When the intuition points the wrong way (2/2)

When the intuition points the wrong way (2/2)
People who are not security experts are often misguided by their intuition and feelings.

In a first post on the subject, I explained how people often end up in the wrong direction when they try to define their security needs. It is only after a little work session that they understand their mistake but even then, some remain reluctant to admit it because they know all others will do the same mistake as they just did.

Here is another example that is even more common. In fact, despite all the environments I have been in and all the people I worked with, I still did not met a single one who knew about this one. Here, the need to express and define is availability. Here, people will do and pay a lot to protect against a low risk while not doing much, if anything, to protect against the much higher risk.

The consequence of a downtime

There are three patterns that a loss of availability can follow. First two are easy enough to understand. They are the exponential loss and the linear loss. They start low, grow and keep growing.

What puzzles everyone is the third pattern : the logarithmic loss. That one starts very high and decreases over time.

Whenever I present this, people always react the same way :

What ? The loss decreases ?!? How is that possible ? What is lost is lost. How can you reduce your losses by remaining down ? You do not change the past.

The best way to explain these 3 patterns is to start with this last one and illustrate each case with an example. So a case of logarithmic loss would be an assembly line.

Imagine the assembly line working normally. The object moves from one station to the next where each one adds its little part. At the end of the line comes a completed and functional object, whatever the line is building. And then.... BOOM!, the line stops.

Even if it stops for only a few seconds, it's too late. Everything in progress must be removed and discarded. Paint and glue started drying and must be cleaned. Even after being restarted, not a single item will get out until each station has been completed once. Just for a few seconds of downtime, loss is very high.

But now that the line is stopped... Go check what is making that strange noise in station No 3. Now is the time to do a proper fix on station No 5 instead of the dirty patch we improvised last week. While at that, go do the regular maintenance on station No 7 that was planned for next week.

A logarithmic loss is a case where a stop is so harmful that once done, it turns to an opportunity. The same way a risk is a cost / a loss, an opportunity is a gain, a benefit. Should the line restarts too quickly without seizing any opportunity, the only outcome of the incident will be the loss and nothing else. Should one takes time and seizes these opportunities, it will give some benefits to help compensating the loss.

A case of linear loss could be a hydro power dam, one without a reservoir. Should something prevent the dam to produce any power, the loss will start at zero and grow at a regular (linear) rate. Water will flow without producing energy and once that water is passed, it will never come back.

In IT, most losses are exponential. These are cases where whatever can't be done at a specific time will be buffered and re-processed at a later time. Clients will come back later, tasks will run later, ... At first, loss is small and don't grow much. The thing is, patience will grow thinner and thinner and if you can't re-process everything in time, the consequences will increase drastically and very fast (exponentially).

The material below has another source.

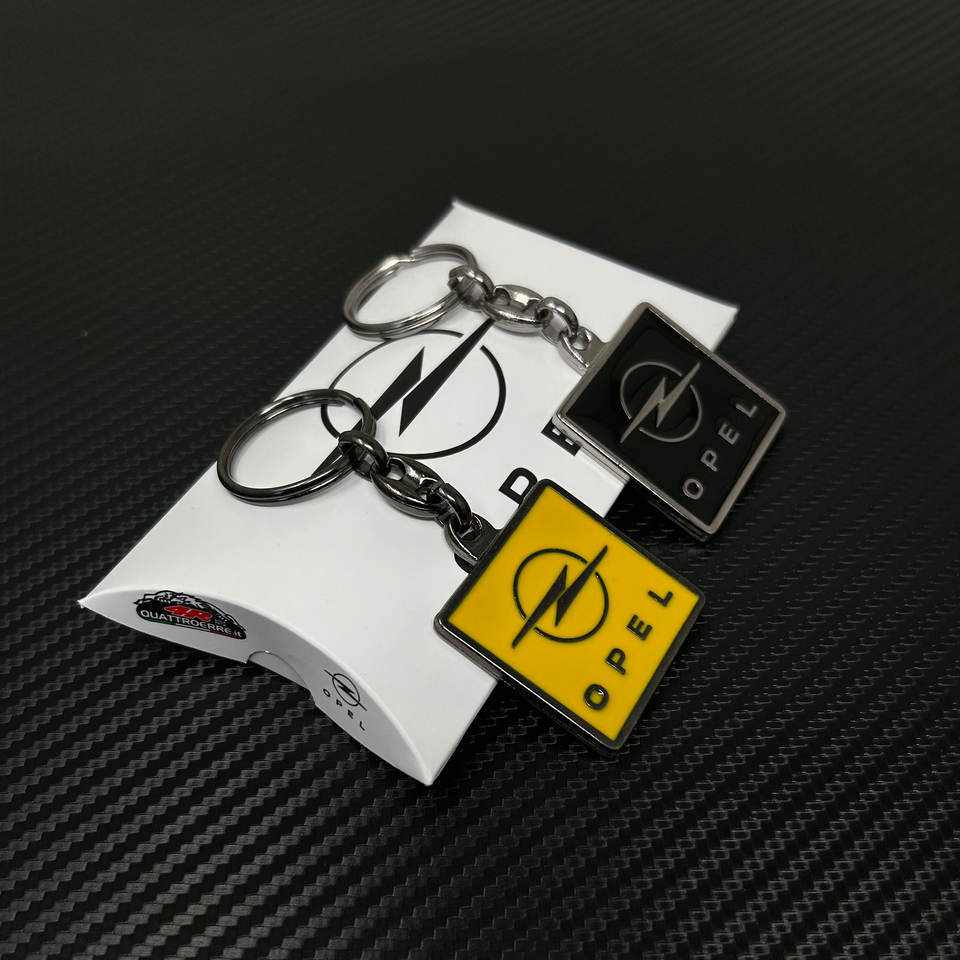 Portachiavi Auto Opel di Alta Qualità, Giallo, in Metallo, Design a 2 Pulsanti, 90 x 35 mm, Stile Business, con Anello Protettivo, Modello Adatto

This model is essential to understand because by instinct, people do the exact opposite of what they should.

What people do wrong when trying to do high availability

When they decide to do HA, people start by deploying solutions that will prevent an asset to go down. Not only that, they often stop working the case when they are done with that first HA solution. Unfortunately, that is the proper plan for a logarithmic loss, not an exponential one.

Should one faces a logarithmic loss, then this logic is right. Do all you can to avoid stops but once down, no need to worry about recovering fast. The thing is, that case is almost inexistent in IT. It is quite the opposite.

Because losses are exponential, to go down is not great but not that bad. What is critical is to ensure the recovery before the exponential skyrockets to high losses. As such, the focus must be on recovery much more than on preventing the stop in the first place.

When doing HA the wrong way, one will pay for a solution that will help prevent a small loss, the one at the beginning of the exponential curve. On top of that pretty small benefit, the environment will remain exposed to high risk by not ensuring recovery when needed. So high security cost added to high risk cost. Not great at all.

Instead, efforts should be to ensure recovery will be completed in time and to the best state possible, before an incident grows out of control. That will limit the cost of the solution while reducing the cost of the higher risks. If one is still not happy after that then it will be time to look at solutions that will prevent downtime in the first place.

Again, to explain and enforce such practices is the role of a senior security advisor. When the needs are properly defined and solutions are aligned with them, security costs will be kept to a minimum while risks will also be reduced to a minimum. That is the proper way of doing security.